=== Provided records ===

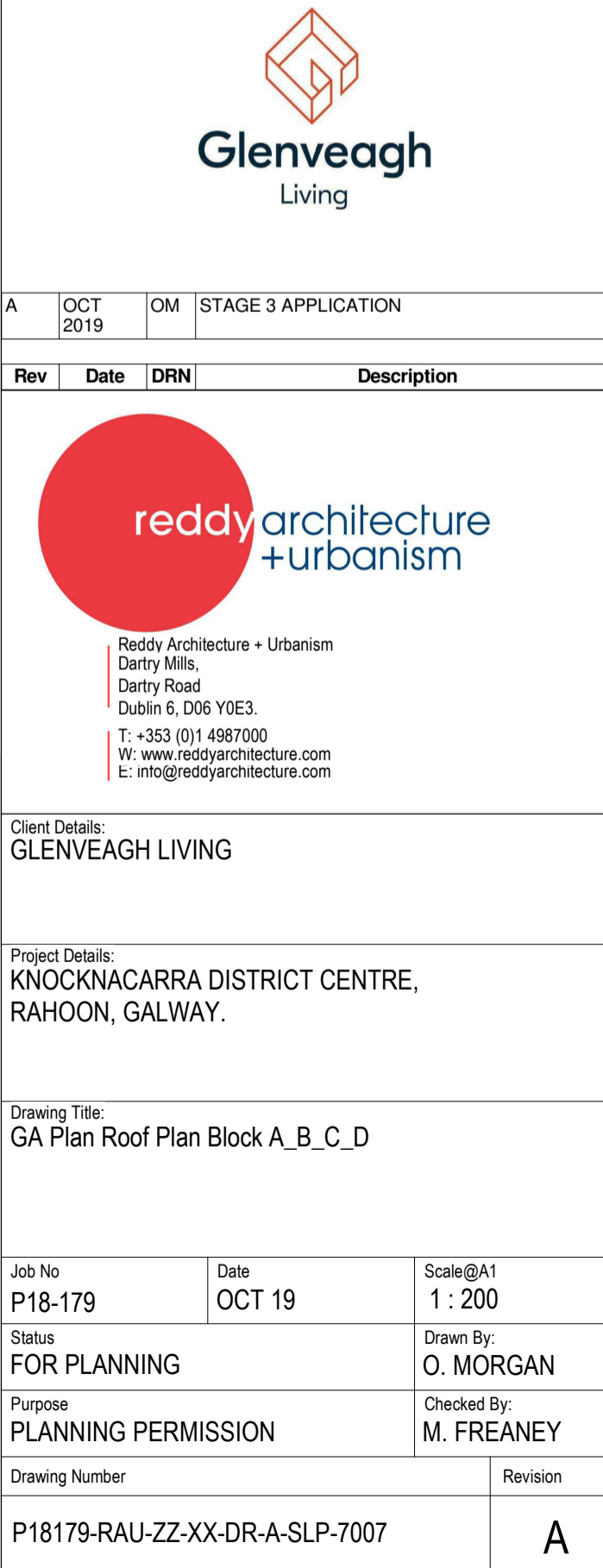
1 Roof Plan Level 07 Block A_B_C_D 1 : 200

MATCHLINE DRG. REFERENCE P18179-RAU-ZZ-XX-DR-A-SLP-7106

===
=== Provided records ===

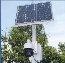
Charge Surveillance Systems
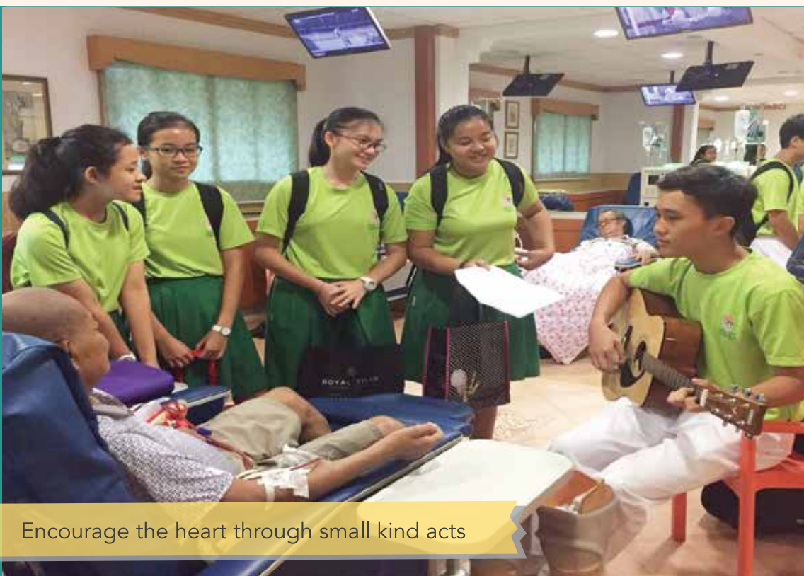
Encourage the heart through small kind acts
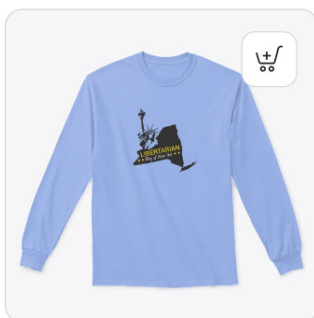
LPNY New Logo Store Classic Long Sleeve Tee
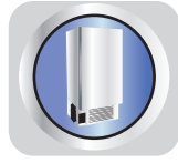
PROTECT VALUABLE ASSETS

===
=== Provided records ===

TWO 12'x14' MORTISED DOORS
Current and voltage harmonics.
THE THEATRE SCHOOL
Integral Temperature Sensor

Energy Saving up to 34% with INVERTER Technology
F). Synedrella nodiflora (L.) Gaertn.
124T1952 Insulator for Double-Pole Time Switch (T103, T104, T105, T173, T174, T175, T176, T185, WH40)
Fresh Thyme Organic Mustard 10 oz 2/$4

===

Exercise prompt. Repeat, word for word, the lines above between the line holding "1 Roof Plan Level 07 Block A_B_C_D 1 : 200" and the line holding "MATCHLINE DRG. REFERENCE", inclusive; omit everything else.

Solution to this exercise.
1 Roof Plan Level 07 Block A_B_C_D 1 : 200

MATCHLINE DRG. REFERENCE P18179-RAU-ZZ-XX-DR-A-SLP-7106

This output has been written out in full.